Tapple
- Publishers: The Op Games
- Publication: 2012; 14 years ago
- Genres: Card game; Party game;
- Players: 2–8
- Playing time: 30 minutes
- Age range: 8+

= Tapple =

2012 party game

Tapple is a party game for 2–8 players published by The Op Games in 2012. Players think up words related to a topic and tap their first letters on an electronic device before a ten-second timer runs out.

== Publishing history ==
Tapple was developed by the toy development agency NPD Toys and was first released in 2012 by the publisher The Op Games (formerly USAopoly). It was based on the German game Pim Pam Pet.

Tapple 10 was released in 2016, adding more category cards and providing instructions for 10 ways to play Tapple with varying numbers of players and difficulties. In early 2024, Tapple went viral on TikTok, featuring in videos with more than 20 million views.

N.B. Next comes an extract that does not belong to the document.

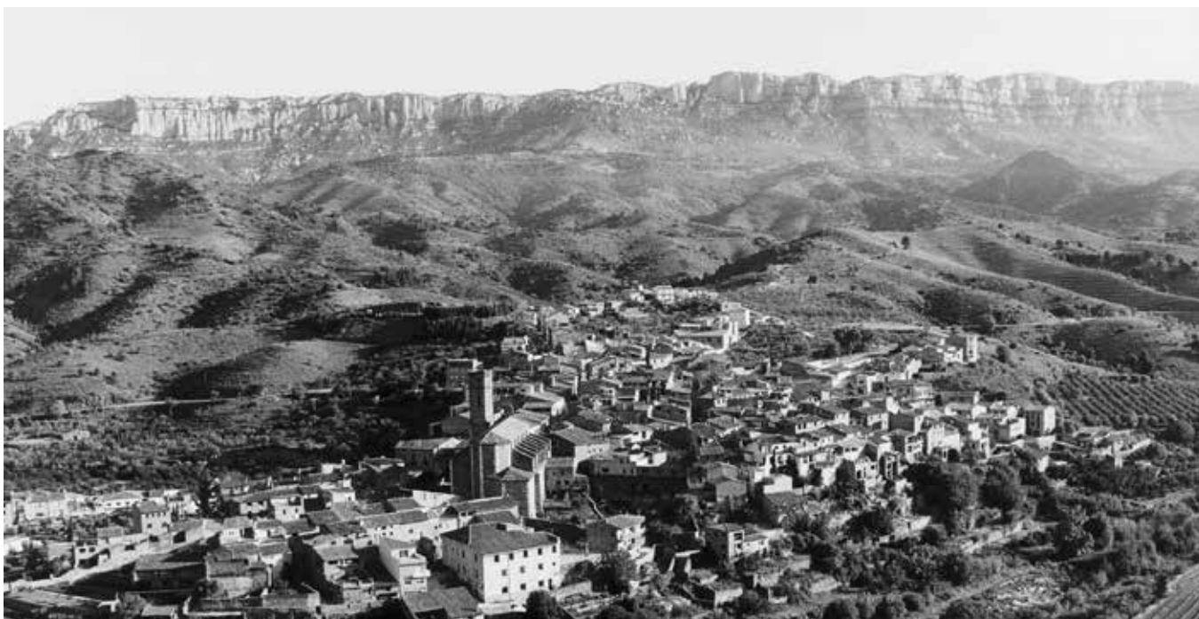
A l'esquerra.

In late 2024, The Op Games released Tapple: After Dark, an adult version of Tapple with more mature category cards.

== Gameplay ==
Tapple is played using a Tapple wheel, a special electronic device with levers featuring most of the letters of the alphabet in a ring around a central timer button. The game is played over multiple rounds, during which players take multiple turns. At the start of each round, a category card is chosen and the timer is started, giving the first player 10 seconds to complete their turn. On their turn, a player must say an answer to the category beginning with an available letter, press the corresponding letter lever to eliminate that letter for the round, then press the button to reset the timer before passing the turn. If a player either does not complete their turn within 10 seconds, says a word starting with a letter that has been eliminated, or gives an unacceptable answer for the category, they are eliminated from the round. The round ends when only one player remains and that player receives the round's category card.

The winner is the first player to collect three category cards.

== Reception ==
Tapple was a winner of the 2014 Play Advances Language Awards, and was featured in Games magazine's 2014 Game 100. Tapple 10 was the Creative Child Awards' 2016 Game of the Year, and won a Silver Honor at the 2016 Parents' Choice Awards.

In an article for GamesRadar+, Abigail Shannon praised Tapple's appeal to both children and adults and its flexible player count, praising the game by writing that "its premise is super simple and easy to get to grips with, but the time sensitivity adds a layer of challenge." The game featured in top 10 lists for both ABC13 Houston and Forbes.